I want to implement $M_{ij} = \frac {D^2_{1j}+D^2_{i1}-D^2_{ij}} 2 \,$to find the coordinates of points from distance matrix. And we already know one point is original point (0,0) which can be regard as $D_{11}$.Here is my distance matrix.
\begin{array}{lc} \verb|Distance Matrix| & \left(\begin{matrix} 0 & 5 & 8 \\ 5 & 0 & 2 \\ 8 & 2 & 0 \end{matrix}\right) \\[15pt] \end{array}
My solution for the problem:
Step 1 I calculate the the matrix M based on the formula $M_{ij} = \frac {D^2_{1j}+D^2_{i1}-D^2_{ij}} 2 \,$. Here is my result:
\begin{array}{lc} \verb|Matrix M| & \left(\begin{matrix} 0 & 0 & 0 \\ 0 & 0 & 42.5 \\ 0 & 42.5 & 0 \end{matrix}\right) \\[15pt] \end{array}
Step2 By eigenvalue decomposition, we could use the formula $Ax = λx$ /$(A-λI)x = 0$ to get the eigen-vectors $x$ and eigen-value $λ$. Here is my processing:
\begin{array}{lc} \verb|(A-λI)x| & \left(\begin{matrix} -λ& 0 & 0 \\ 0 & -λ& 42.5 \\ 0 & 42.5 & -λ \end{matrix}\right) \left(\begin{matrix} x1 \\ x2 \\ x3 \end{matrix}\right)\\[15pt] \end{array} Then by using the formula: $det((A-λI) = 0$, we could get the eigen-value λ. There exists three kinds of eigen-value λ, including the 0,42.5,-42.5.(The equation like this: $(-1)^2*λ*(λ^2-42.5^2) = 0$).

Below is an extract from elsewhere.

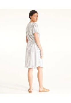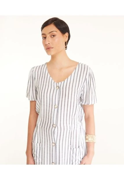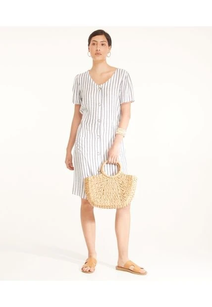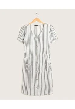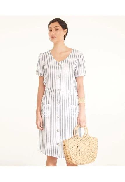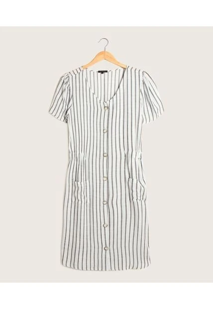 Vestido Preteñido, Cuello V, Con Bolsillos De Parche, Botonadura Y Elástico En Cintura, Mimosa Línea Moda
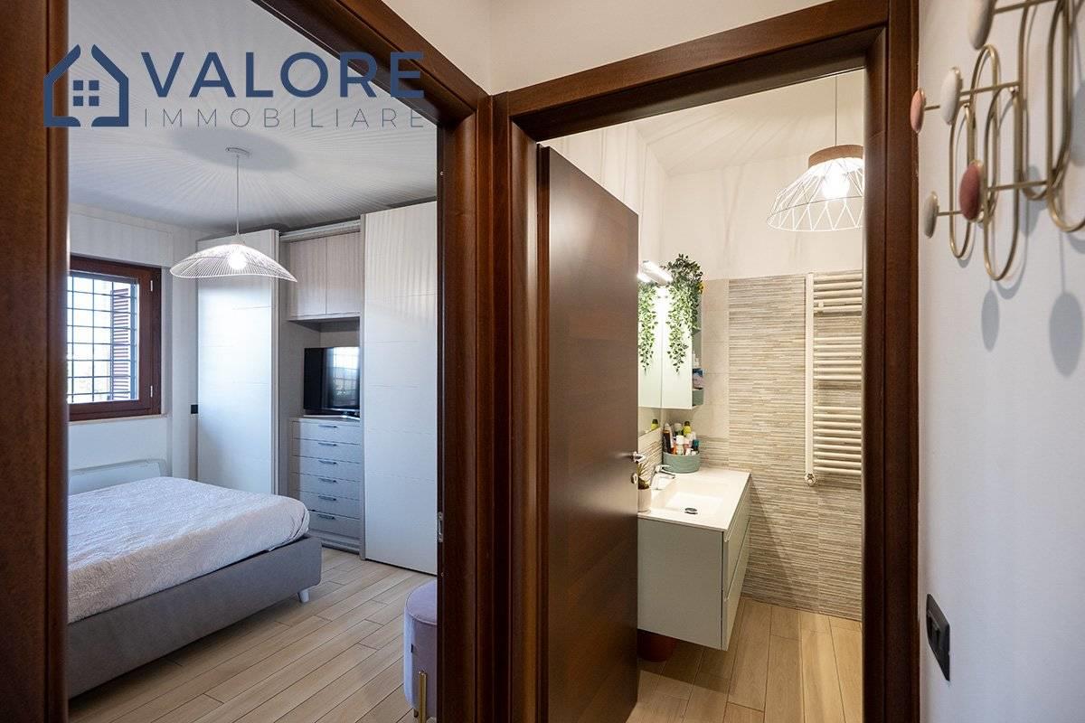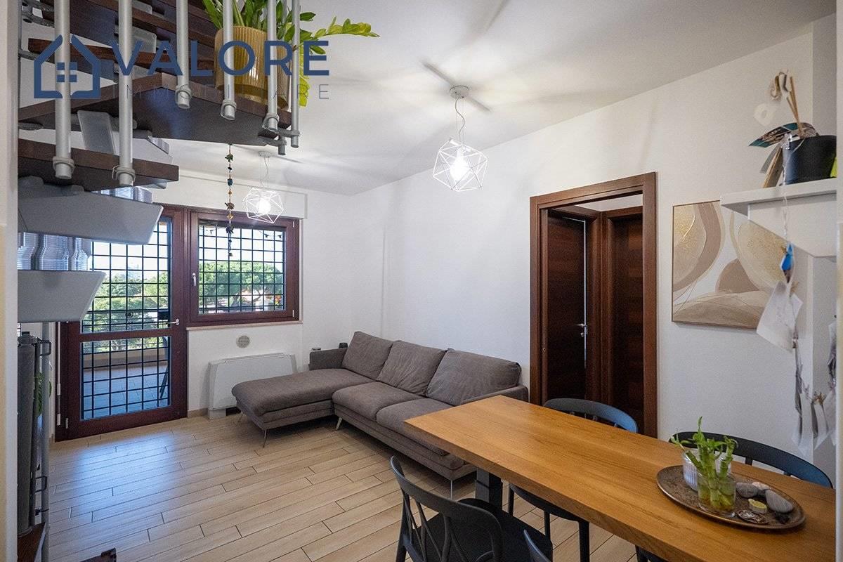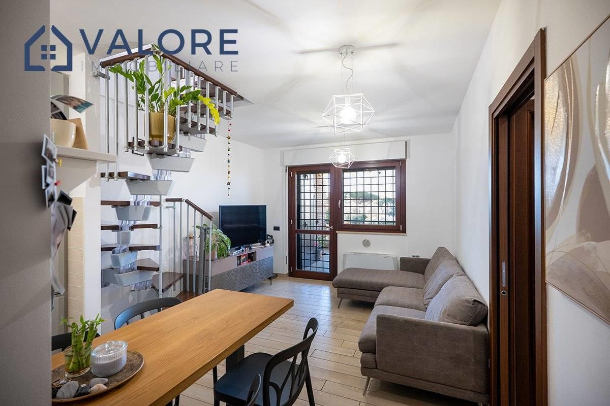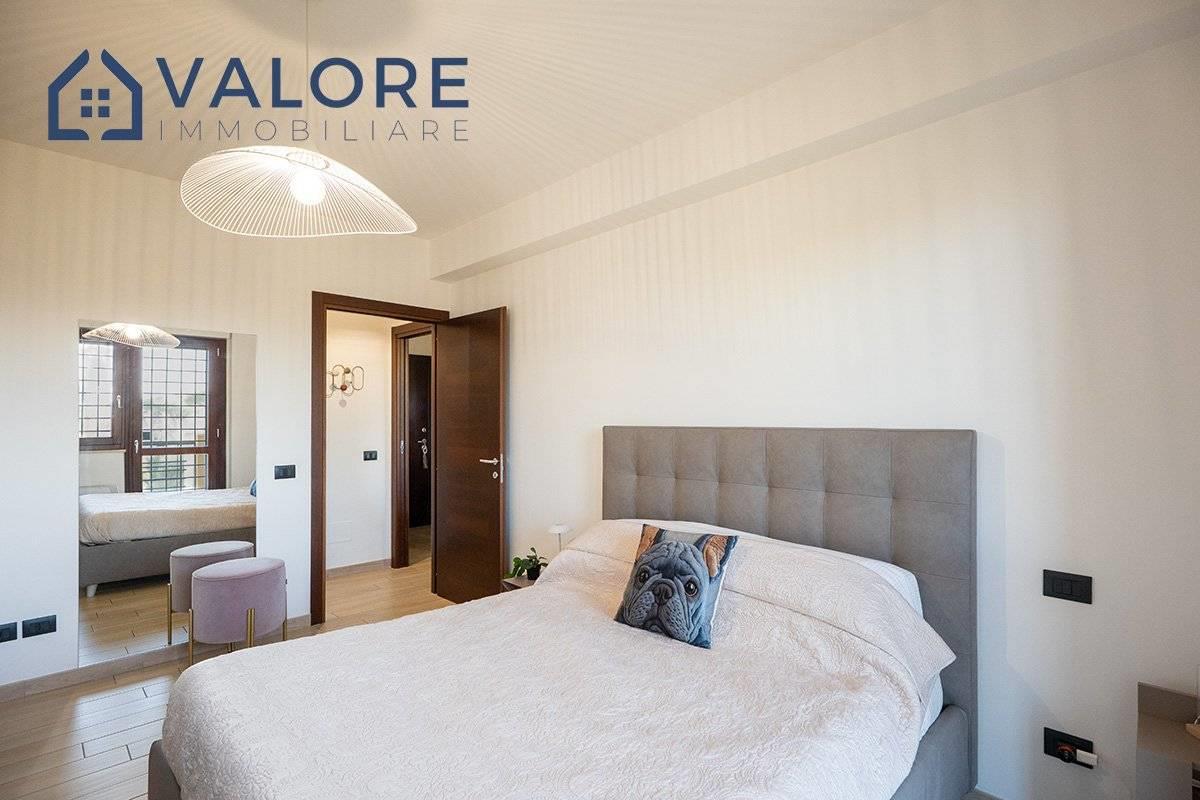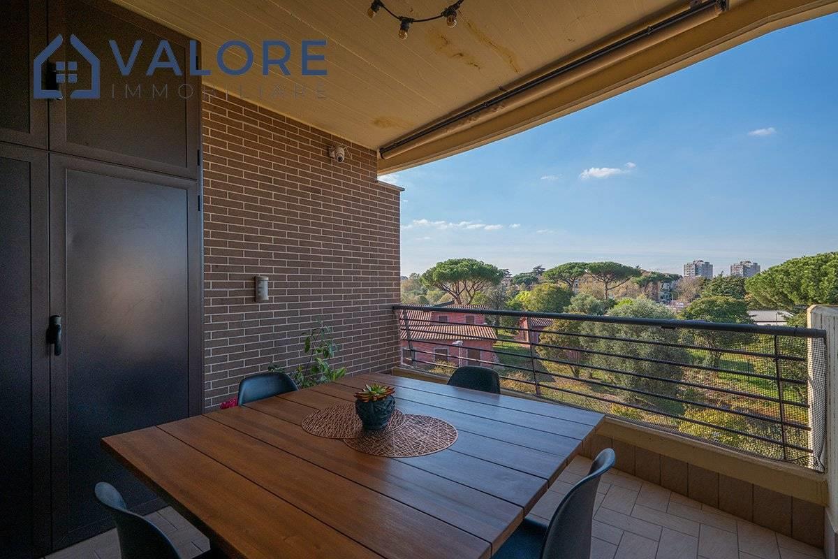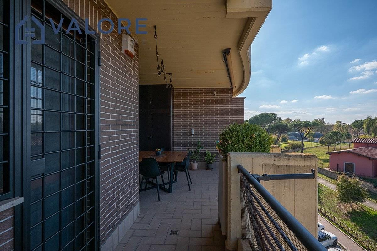 Roma - Bufalotta - Giardino di Faonte - via Passo del Turchino - All'interno dell'esclusivo comprensorio di recente costruzione denominato "Giardino di Faonte", circondato da aree verdi e da curatissimi giardini condominiali, proponiamo la vendita di un rifinito attico e superattico disposto al quarto e quinto piano di una palazzina in cortina dotata di ascensore.

Step3 We could calculate the eigen-vectors by using (A-λI)x and the value of λ, here is my calculation process:
When λ = 0: \begin{array}{lc} \verb|(A-0I)x = 0:| & \left(\begin{matrix} 0& 0 & 0 \\ 0 & 0& 42.5 \\ 0 & 42.5 & 0 \end{matrix}\right) \left(\begin{matrix} x1 \\ x2 \\ x3 \end{matrix}\right)\\[15pt] \end{array}
\begin{array}{lc} \verb|value of x = | & \left(\begin{matrix} t_1 \\ 0 \\ 0 \end{matrix}\right) \\[15pt] \end{array}
when λ = -42.5:
\begin{array}{lc} \verb|(A+42.5I)x = 0:| & \left(\begin{matrix} 42.5& 0 & 0 \\ 0 & 42.5& 42.5 \\ 0 & 42.5 & 42.5 \end{matrix}\right) \left(\begin{matrix} x1 \\ x2 \\ x3 \end{matrix}\right)\\[15pt] \end{array}
\begin{array}{lc} \verb|value of x = | & \left(\begin{matrix} 0\\ t_2 \\ -t_2 \end{matrix}\right) \\[15pt] \end{array}
when λ = 42.5:
\begin{array}{lc} \verb|(A-42.5I)x = 0:| & \left(\begin{matrix} -42.5& 0 & 0 \\ 0 & -42.5& 42.5 \\ 0 & 42.5 & -42.5 \end{matrix}\right) \left(\begin{matrix} x1 \\ x2 \\ x3 \end{matrix}\right)\\[15pt] \end{array}
\begin{array}{lc} \verb|value of x = | & \left(\begin{matrix} 0 \\ t_3 \\ t_3 \end{matrix}\right) \\[15pt] \end{array}
Step 4 Now we know the formula $M = USU^T$ , the value of U and the Value of S.
\begin{array}{lc}
\verb|U:| & \left(\begin{matrix}
t_1 & 0 & 0 \\
0 & t_2 & t_3 \\
0 & -t_2 & t_3
\end{matrix}\right) \\[15pt]
\end{array}
\begin{array}{lc}
\verb|S:| & \left(\begin{matrix}
0 & 0 & 0 \\
0 & -42.5 & 0 \\
0 & 0 & 42.5
\end{matrix}\right) \\[15pt]
\end{array}
Step 5 We could get the final result of the points using the formula enter link description here:$X = U \sqrt S$. \begin{array}{lc} \verb|X = U \sqrt S:| & \left(\begin{matrix} 0 & 0 & 0 \\ 0 & t_2*\sqrt -42.5 & 0 \\ 0 & 0 & t_3*\sqrt 42.5 \end{matrix}\right) \\[15pt] \end{array}
Now, I just stuck in it. I still cannot get the real coordinates of points. And the answer isn't correct because the value of sqrt cannot be the negative number! Please help me, I don't know how to handle the problem!